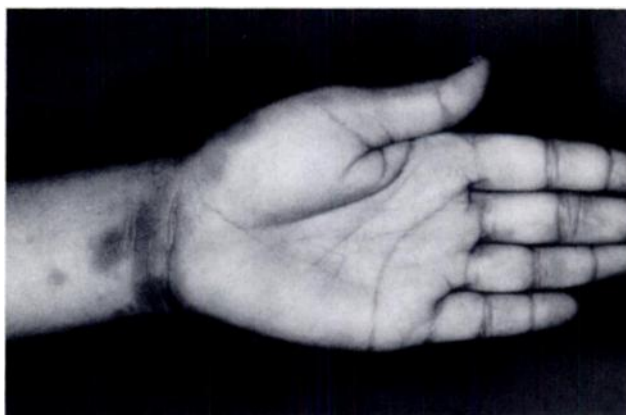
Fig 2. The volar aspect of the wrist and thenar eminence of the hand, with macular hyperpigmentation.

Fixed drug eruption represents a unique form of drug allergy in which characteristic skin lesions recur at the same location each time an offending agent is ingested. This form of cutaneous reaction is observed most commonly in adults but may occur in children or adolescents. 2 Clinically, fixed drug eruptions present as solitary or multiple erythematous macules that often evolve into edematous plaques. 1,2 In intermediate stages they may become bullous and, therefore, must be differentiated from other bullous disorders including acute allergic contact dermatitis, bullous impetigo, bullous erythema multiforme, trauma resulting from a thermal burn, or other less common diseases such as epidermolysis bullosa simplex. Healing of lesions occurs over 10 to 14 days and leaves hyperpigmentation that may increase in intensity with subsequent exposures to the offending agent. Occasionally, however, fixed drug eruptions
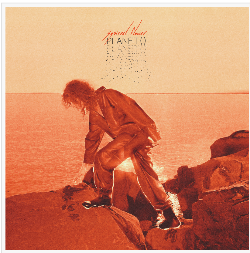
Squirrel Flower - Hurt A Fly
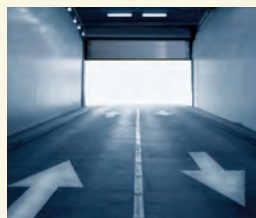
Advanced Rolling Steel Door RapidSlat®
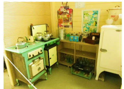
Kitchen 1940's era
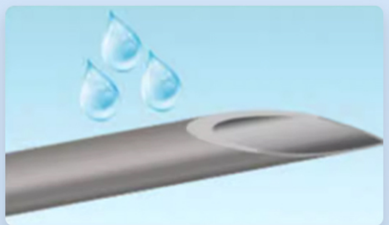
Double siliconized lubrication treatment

· · · ·

§ What is being asked: Could you give the material again exactly as it stands, omitting any image?

§ Answer below:
Fig 2. The volar aspect of the wrist and thenar eminence of the hand, with macular hyperpigmentation.

Fixed drug eruption represents a unique form of drug allergy in which characteristic skin lesions recur at the same location each time an offending agent is ingested. This form of cutaneous reaction is observed most commonly in adults but may occur in children or adolescents. 2 Clinically, fixed drug eruptions present as solitary or multiple erythematous macules that often evolve into edematous plaques. 1,2 In intermediate stages they may become bullous and, therefore, must be differentiated from other bullous disorders including acute allergic contact dermatitis, bullous impetigo, bullous erythema multiforme, trauma resulting from a thermal burn, or other less common diseases such as epidermolysis bullosa simplex. Healing of lesions occurs over 10 to 14 days and leaves hyperpigmentation that may increase in intensity with subsequent exposures to the offending agent. Occasionally, however, fixed drug eruptions
Squirrel Flower - Hurt A Fly
Advanced Rolling Steel Door RapidSlat®
Kitchen 1940's era
Double siliconized lubrication treatment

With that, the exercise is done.